Так проводили мы время на границе в Банате, мучимые тоской по дому, заботами о своих близких. Втайне мы ненавидели гитлеровцев: ведь это по их вине шла война, из-за них погибала наша молодость.

Вечером 23 августа я снова был в дозоре с Ионом Булгэре. Мы прошли мимо нашей сторожевой будки в Коронинях. На середине пути нам повстречались пограничники из Любковы, и теперь мы возвращались на свою заставу. До полуночи, то есть до конца нашей смены, оставалось около часа, и поэтому мы не торопились.

Я шел рядом с Булгэре и рассказывал ему разные истории. Ему нравилось меня слушать. Я всегда немного приукрашивал и то и дело вставлял остренькое словцо, поэтому некоторые истории Ион просил меня повторять по нескольку раз. Я как раз рассказывал ему о некоей Мице Боблете из нашего села, муж которой был на фронте в Молдове. Она принимала к себе молокососов, у которых и усы-то только что пробивались. За это мы вымазали дегтем стены и двери ее дома. Булгэре хохотал до упаду, а я уже вспомнил другую историю — про Тоадера Дудэ, который приехал домой на побывку и застал жену с другим.

Но не успел я начать, как нам повстречался дозор, и мы узнали, что в пограничной зоне объявлена тревога и что начальник заставы удвоил караулы и дозоры.

— Пусть за нами пошлют еще один дозор, — на ходу попросил старший дозора.

— Да что такое случилось? — спросил Булгэре.

— Говорят, мы покончили с этой войной и теперь нужно взять за глотку гитлеровцев…

— Брось ты, не бреши!

— Ей-богу, не вру, — заверил нас старший дозора.

— А сколько сейчас времени?

— Около полуночи… Можете идти на заставу.

Мы побежали. Суета, которая, возможно, была на заставе в первое время, уже улеглась. Пограничники стояли в строю перед зданием заставы, и начальник распределял их по блиндажам, вырытым нами вдоль берега — в кустарнике или под ивами и тополями. Всем уже было известно о сообщении, передававшемся в тот вечер по радио, но никто его не слышал. Начальнику заставы сказали об этом по телефону.

Новость еще не казалась нам абсолютно достоверной, но на всякий случай наша застава заняла оборону на своем небольшом участке границы. В таком положении, готовые к бою, провели мы два дня и три ночи, так как в любую минуту гитлеровцы могли атаковать нас с той стороны, из Югославии.

Меня с Ионом Булгэре и двумя другими пограничниками оставили как раз возле заставы, в окопе, отрытом во весь рост.
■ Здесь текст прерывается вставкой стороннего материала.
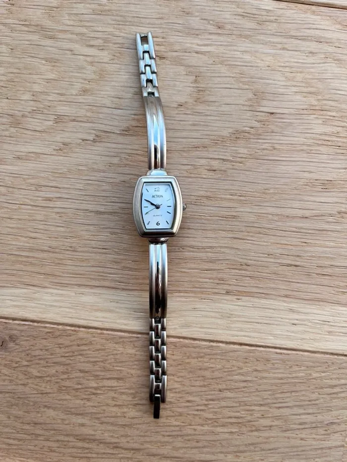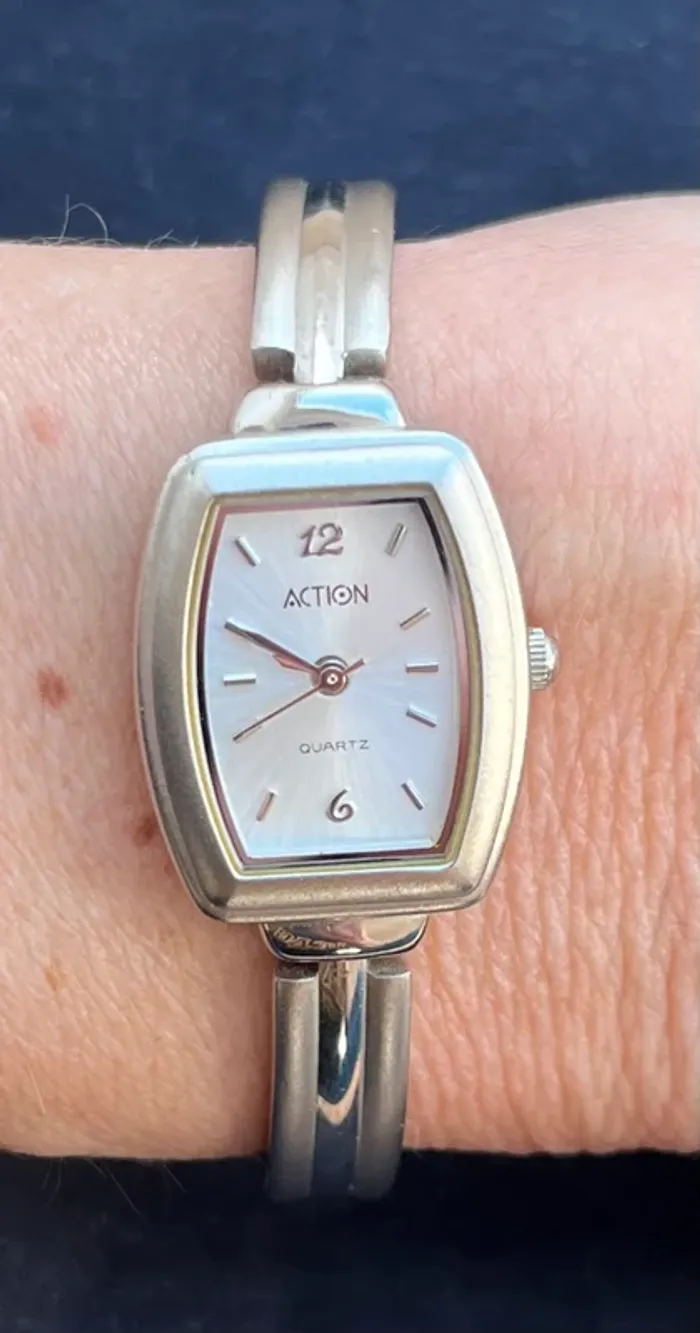 Montre pour poignet très fin (mon poignet fait 16,5 cm et elle est serré) État impeccable, je ne me souviens pas l’avoir portée Pile à changer (Ne vient pas des magasins Action 😉)
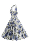 Halter White Blue A Line Floral Printed 1950s Dress
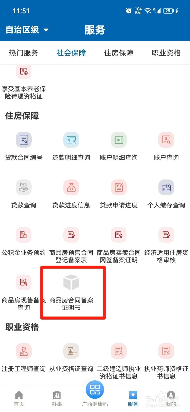 第二步:在住房保障界面下点击【商品房合同备案证明书】
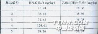 2.6與國家標(biāo)準(zhǔn)方法比較 選用不易褪色紡織品分別采用HPLC法和乙酰丙酮比色法[GB/T 2912.1一1998《紡織品甲醛的測定第1部分:游離水解的甲醛(水萃取法)》],檢測結(jié)果見表2。兩組數(shù)據(jù)的相關(guān)系數(shù)R2=0.999 3,置信水平為99.9%,表明兩種方法所得的結(jié)果無顯著差異。 表2 HPLC法與國家標(biāo)準(zhǔn)方法比較
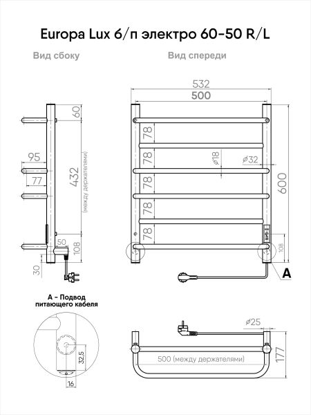 Специальная технология нагревательного кабеля защищает полотенцесушитель от перегрева что влияет на длительные сроки службы. В комплектации идут 4 телескопических держателя, комплект для монтажа и гарантийный паспорт. Полотенцесушитель INDIGO Europe Lux застрахован и имеет гарантию 3 года.

Ион занял место у ручного пулемета, а я готовил ленты; двое других, с винтовками и гранатами, расположились в семи-восьми шагах от нас. Начальник заставы почти все время находился в здании, у телефона. Еще четверо-пятеро солдат заняли позицию на несколько сот метров правее нас, под старым высоким тополем, который мы использовали обычно как наблюдательный пост; такая же группа расположилась и слева. Остальные были разбиты на дозоры, патрулировавшие посменно вдоль границы в сторону Пожежены и Коронини.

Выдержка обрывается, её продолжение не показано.